An agency-wide reorganization will leave just 61 employees from the Bureau of Land Management (BLM) in the nation’s capital after the proposed transfer of 323 D.C.-based employees, which administration officials say would be completed in the next 15 months. 

The move, officials argue, will save taxpayers between $50 and $100 million over the next 20 years by relocating employees closer to the issues they work on and in areas far more affordable than D.C. But former employees and environmentalists warn that the move will remove key voices from the Washington, effectively silencing them.

Why opponents are worried: “I think it’s hard to suss out motivation but I do think the impacts will be to undermine the authority of these employees. They will be further from the center of power and there’s a big potential that the BLM will lose those employees and others, expert people, in the reshuffle,” said Kate Kelly, a former senior adviser at Interior during the Obama administration who now works at the left-leaning Center for American Progress.{mosads}

“It’s hard to believe that having the director and deputy director thousands of miles away from where secretary sits and makes decisions is a good move for the agency,” Kelly added.

BLM is responsible for overseeing 10 percent of U.S. public lands, including all oil and gas leases for onshore and offshore drilling.

Who is staying: Employees allowed to remain in D.C. will include BLM budget staff, legislative affairs and regulatory affairs aides and public affairs and public records requests divisions. Their offices will move to the Interior Department’s headquarters. The other D.C. staff will join the nearly 10,000 BLM employees who already work from states like Colorado, Idaho and California.

The reorganization, first considered under former Interior Secretary Ryan Zinke, is aimed at putting more agency officials closer to the lands they manage out West.

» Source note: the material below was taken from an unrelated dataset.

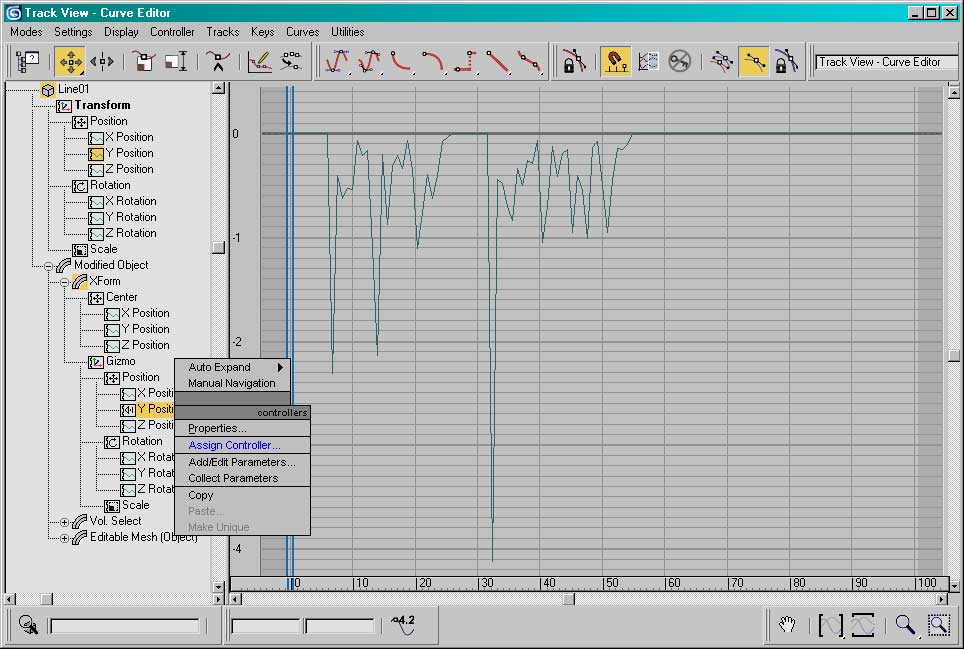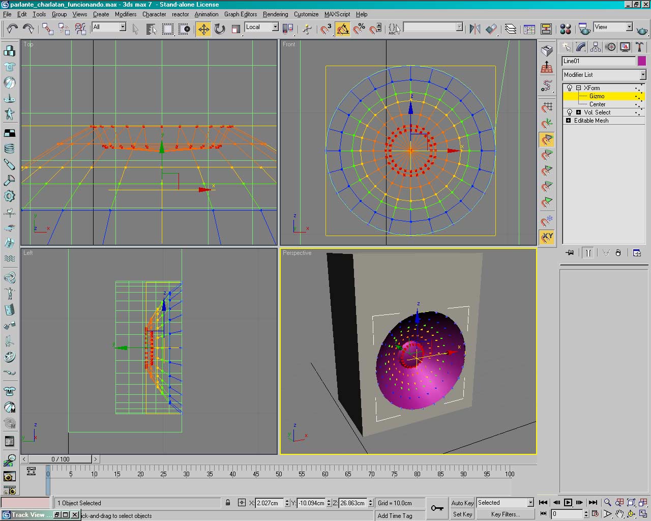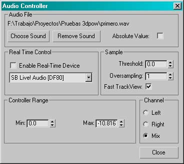 Una vez que has aplicado el XForm abres una ventana del Track View y despliegas las pistas del objeto line 01 (tu altavoz), haces click con el botón derecho del ratón sobre el y position del gizmo del XForm (utilizo el eje y porque es el que corresponde con el recorrido de la membrana del altavoz, tal y como tu lo has modelado) y seleccione assing controler (ver imagen Track View.jpg). En la lista de controladores que te aparece seleccione audio controller, se te abrirá una ventana con las propiedades del controlador (ver imagen audio controller.jpg), aquí puedes seleccionar el fichero de sonido que modificara el objeto y ajustar con el controller range la amplitud del efecto.

At the heart of the change is the relocation of BLM headquarters to Grand Junction, Colo. Just 27 employees will be moved there.

“As [Interior] Secretary [David] Bernhardt has observed, a meaningful reorganization is not simply about where functions are performed; rather, it is rooted in how changes will better satisfy the needs of the American people,” Joe Balash, BLM’s assistant secretary to Land and Minerals Management, wrote in a letter to lawmakers Tuesday, explaining the plan.

“Under our proposal, every Western State will gain additional staff resources. This approach will play an invaluable role in serving the American people more efficiently and advancing the BLM’s multiple-use, sustained yield mission.”

Included in the transition will be many of BLMs most senior policy officials. The Washington headquarters is home to 46 percent of top-level policy staffers, according to BLM officials. 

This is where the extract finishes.